Success in this project isn't to necessarily develop a model that accurately predicts consistently, but rather to convey what issues these two ideologies care about and the overall sentiment both subreddits have regarding Biden. Considering a lot of this information will be rather focused on EDA, it's hard to necessarily judge the success of this project on the individual models created, rather the success of this project will be determined primarily in the EDA, Visualization, and Presentation sections of the actual project. With that being said however, I will still use a wide variety of models to determine the predictive value of the data I gathered.

Hypothesis: I believe that the two subreddits will differ significantly on what issues they discuss and their sentiment towards Biden, I think because of these differences a model can be made that can accurately predict which post belongs to who. Primarily, I will be focusing on the differences between these subreddits in sentiment and words used.

Data Collection

When collecting data, I initially didn't have the problem statement in mind necessarily before I started. When I began data collecting, I knew I wanted to do something political specifically on the Biden admin post innaguration but I really wanted to go through the process experimenting with different subreddits which made for an interesting situation.

I definitely learned a lot more about the API going into the data collection process blind,such as knowing to avoid deleted posts by excluding "[deleted]" from the selftext among other things, especially about using score and created_utc for gathering posts. I would say the most difficult process was just finding subreddits and then subsequently seeing if they have enough posts while trying to construct different problem statements using the viable subreddits.

At the end, I decided on just choosing r/neoliberal and r/libertarian, there might've been easier options for model creation but personally, I found it a lot more interesting especially since I already browse r/neoliberal fairly frequently so I was invested in the analysis.

Data Cleaning and EDA

When performing data cleaning and EDA, I really did these two tasks in two seperate notebooks. My logistic regression notebook and in my notebook dedicated to EDA and data cleaning. The reason for that being, I initially just had the logistic regression notebook but then wanted to do further analysis on vectorized sets so I created it's own notebook for that while still at times referencing ideal vectorizer parameters I found in my logistic regression notebook.

Truth be told, I did some cleaning in the data gathering notebook, just checking if there were any duplicates or if there were any oddities that I found and I didn't find much, there might have been a few removed posts that snuck in to my analysis but truth be told, it wasn't anything warranting an editing of my data gathering techniques or anything that would stop me from using the data I already gathered.

EDA primarily was just trying to find words that stuck out using count vectorizers, luckily, that was fairly easy to do considering the NLP process came fairly naturally to me.

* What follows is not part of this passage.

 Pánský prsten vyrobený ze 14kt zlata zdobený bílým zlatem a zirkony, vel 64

I used lemmatizers for model creation but I rarely used it for my actual EDA, I primarily just used a basic tokenizer without any added features. The bulk of my presentation directly comes from this and domain knowledge where I can create conclusions from the information gathered from this EDA process. EDA helped present a narrative that I was able to fully formulate with my domain knowledge which then resulted in the conclusions found in my presentation.

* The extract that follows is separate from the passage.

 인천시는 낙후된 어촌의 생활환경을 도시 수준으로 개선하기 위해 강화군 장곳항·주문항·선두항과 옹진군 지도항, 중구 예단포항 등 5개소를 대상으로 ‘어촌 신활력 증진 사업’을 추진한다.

Another part of EDA that was critical, was the usage of sentiment analysis to find the difference in overall tone between the two subreddits on Biden, this was especially important in my analysis as it also ended up being apart of my preprocessing as well. Sentiment analysis was used in my presentation to present the differences in tone towards Biden but also emphasize the amount of neturality in the posts themselves, this is due primarily to the posts being titles of politically neutral news titles or tweets.

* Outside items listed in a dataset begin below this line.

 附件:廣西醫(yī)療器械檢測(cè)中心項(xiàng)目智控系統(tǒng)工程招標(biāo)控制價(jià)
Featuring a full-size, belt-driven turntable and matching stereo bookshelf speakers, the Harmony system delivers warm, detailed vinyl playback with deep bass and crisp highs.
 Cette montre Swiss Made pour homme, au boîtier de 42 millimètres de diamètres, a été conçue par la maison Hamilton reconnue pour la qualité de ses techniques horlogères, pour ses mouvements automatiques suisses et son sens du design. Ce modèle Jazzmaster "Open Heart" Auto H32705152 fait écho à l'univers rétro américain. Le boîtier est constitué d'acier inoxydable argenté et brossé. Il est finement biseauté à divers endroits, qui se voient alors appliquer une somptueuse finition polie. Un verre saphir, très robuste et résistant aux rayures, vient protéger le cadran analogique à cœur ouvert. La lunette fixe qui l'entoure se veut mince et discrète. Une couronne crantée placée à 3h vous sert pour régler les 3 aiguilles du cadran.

Preprocessing and Modelling

Modelling was a very tenuous process and Preprocessing as well because a lot of it was very memory intensive which resulted in a lot of time spent baby-sitting my laptop but ultimately it provided a lot of valuable information not only on the data I was investigating but also on the models I was using. I used bagging classifiers, logistic regression models, decision trees, random forest models, and boosted models. All of these I had to very mixed success but logistic regression was the one I had the most consistency with, especially with self text exclusive posts. Random forest, decision trees, and boosted models, I all had high expectations for but was not as consistently effective as the logistic regression models. Due to general model underperformance, I will be primarily talking about the logistic regression models I created in the logreg notebook as I had dedicated the most time finetuning those models and had generally more consistent performance with those models than I did others.

I specifically had massive troubles with predicting neoliberal posts while Libertarian posts, I generally managed a decent rate at. My specificity was a lot better than my sensitivity. When I judged my model's ability to predict, I looked at self-text, title-exclusive, and total text. This allowed me to individually look at what each model was good at predicting and also what data to gather the next time I interact with this API.

My preprocessing was very meticulous, specifically experimenting with different vectorizer parameters when using my logistic regression model. Adjustment of parameters and the addition of sentiment scores to try and help the model's performance. Adjusting the vectorizer parameters such as binary and others were heavily tweaked depending on the X variable used (selftext, title, totaltext).

Conclusion

When analyzing this data, it is clear that there are three key takeaways from my modeling process and EDA stage.

  1. The overwhelming neutrality in the text (specifically the title) itself, can hide the true opinions of those in the subreddit.

  2. Predictive models are incredibly difficult to perform on these subreddits in particular and potentially other political subreddits.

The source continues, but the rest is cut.